I was engaged in a discussion on social media this past week with someone who was passionately pro-Corbyn. When we got into voting for Labour as a topic, he told me he’d never voted for Labour before. In fact, at the last election he voted UKIP. I probed him further on this and he said that Corbyn reminded him of what he liked about Farage: here was a guy that spoke that all important thing in modern politics, the vaunted “truth”.
To start with, I know I’m not Jeremy’s greatest fan, but at the same time I want to stress that I do not think he and Farage are photocopies of one another. In most respects, even I will acknowledge they are complete opposites. But I’m not the only one to notice that UKIPers seems to kind of like Corbyn more than a little and this does make me wonder if a reasonable number of UKIP supporters would be lured either back to or into for the first time, the Labour fold by Corbyn’s leadership. The answer to this is more pressing than you might think: UKIP could be hot on Labour’s heels in 2020 in many northern seats, so having a leader that can attract those UKIP-Labour leaners (and we know now that they exist) would be handy.
What I like about the fact that a lot of UKIPers think highly of Corbyn is it at the very least sheds light on the fact that the UKIP phenomenon is not a left-right thing, in the traditional sense anyhow. In other words, people who may have been attracted to UKIP at different times might still buy into Jeremy’s nationalisation thing without any contradiction being present. Because it wasn’t the flat tax stuff that made them warm to UKIP anyway.

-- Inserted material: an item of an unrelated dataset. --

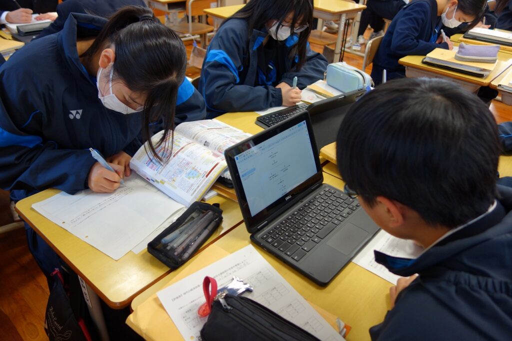 3年生の社会科では、現在、公民分野の学習を進めています。本日は「ニュース解説をしよう」をテーマに、今の日本の政治や経済について調べ、わかりやすく説明する活動を行いました。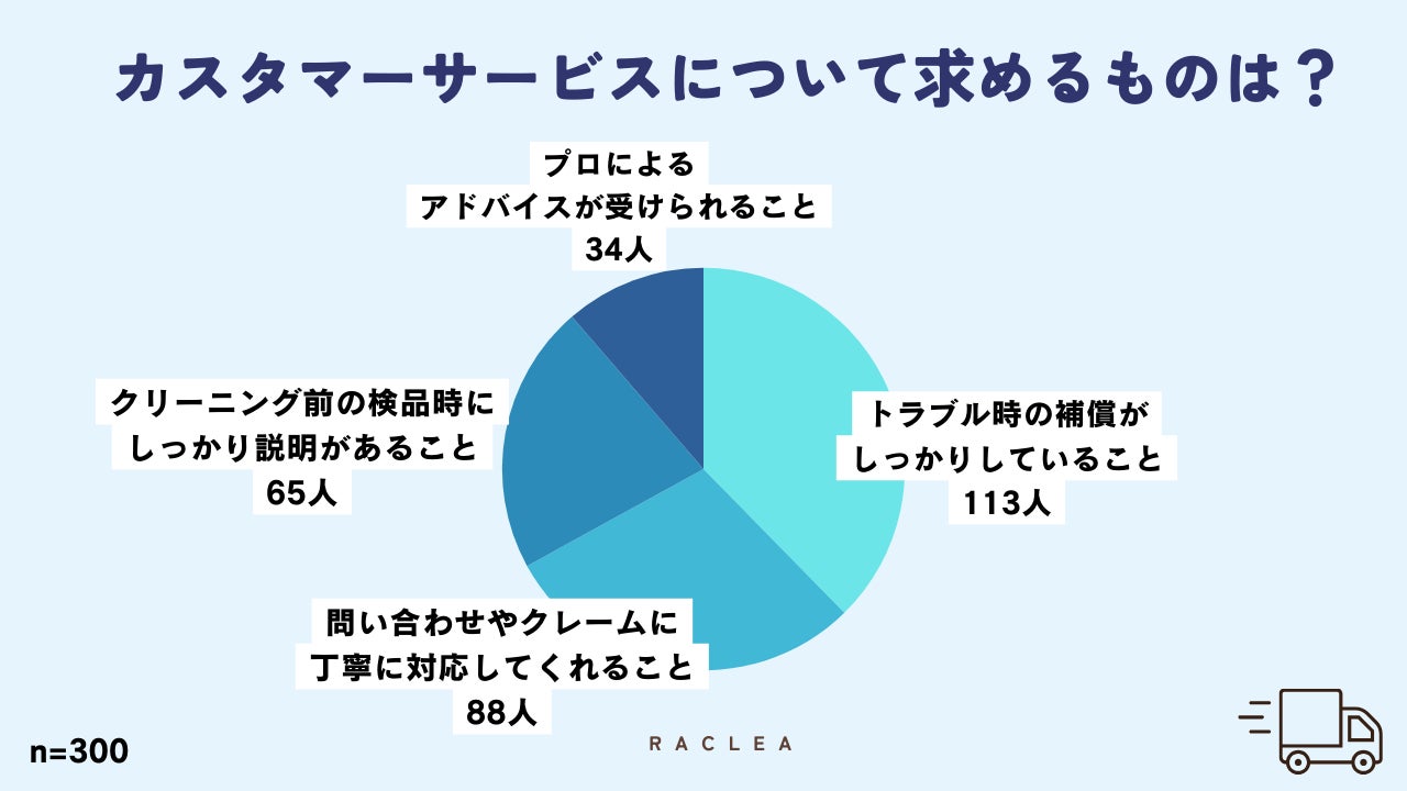 また、問い合わせやクレーム対応の丁寧さも88人が重視しており、コミュニケーションの質が重要視されています。クリーニング前の検品時の説明やプロのアドバイスも一定の需要があります。

I recall an event at Labour conference I organised a few years back on what Labour’s position on an EU referendum should be. I purposefully stacked the deck to make it as adversarial as possible and oh my, was it ever. I bring it up because at one point, a young man in a leather jacket said that in order to make Britain a socialist country, we needed to be out of the EU. So because Labour was a pro-EU party, he was going to vote UKIP instead. A few of the pro-European MPs went totally mental on him, saying he was mad to vote UKIP if he wanted socialism. But the young man remained unconvinced.
It has not been remarked enough upon just how many people who voted Lib Dem in 2010 went on to vote UKIP in 2015. We don’t have an exact figure, but I’m convinced it was reasonably high. I bring this up to demonstrate that UKIPers tend to be attracted to parties and leaders that have a whiff of outsider to them, and perhaps this is what they like about Corbyn. Whether this is good for Labour, to be seen by UKIP converters as unelectable and thus get their votes on that basis, is arguable to put it mildly.
So whether Corbyn can pull in the UKIP voters from 2015 remains to be seen. Short term, they could be drawn in. Longer term, Corbyn might have problems keeping them on the line. He’s bound to get tied in knots over Europe, but I think he could get round that. His big problem is going to be his outlook on immigration, which let’s face it, is none too UKIPy. It will be fun while it lasts, however.
With out meaning to be too demeaning, I understand that the kind of voter interchangeable between Corbyn and UKIP would surely be poor, uneducated, working (or non-working) class. I’m less certain of what kind of person would switch from Lib Dem to UKIP? In my view, the Lib Dems lack of success is partly due to the fact that they’re the only party that doesn’t cater to either the right or left anymore. This wouldn’t be a problem if so may central and liberal voters didn’t go for Labour or Tories!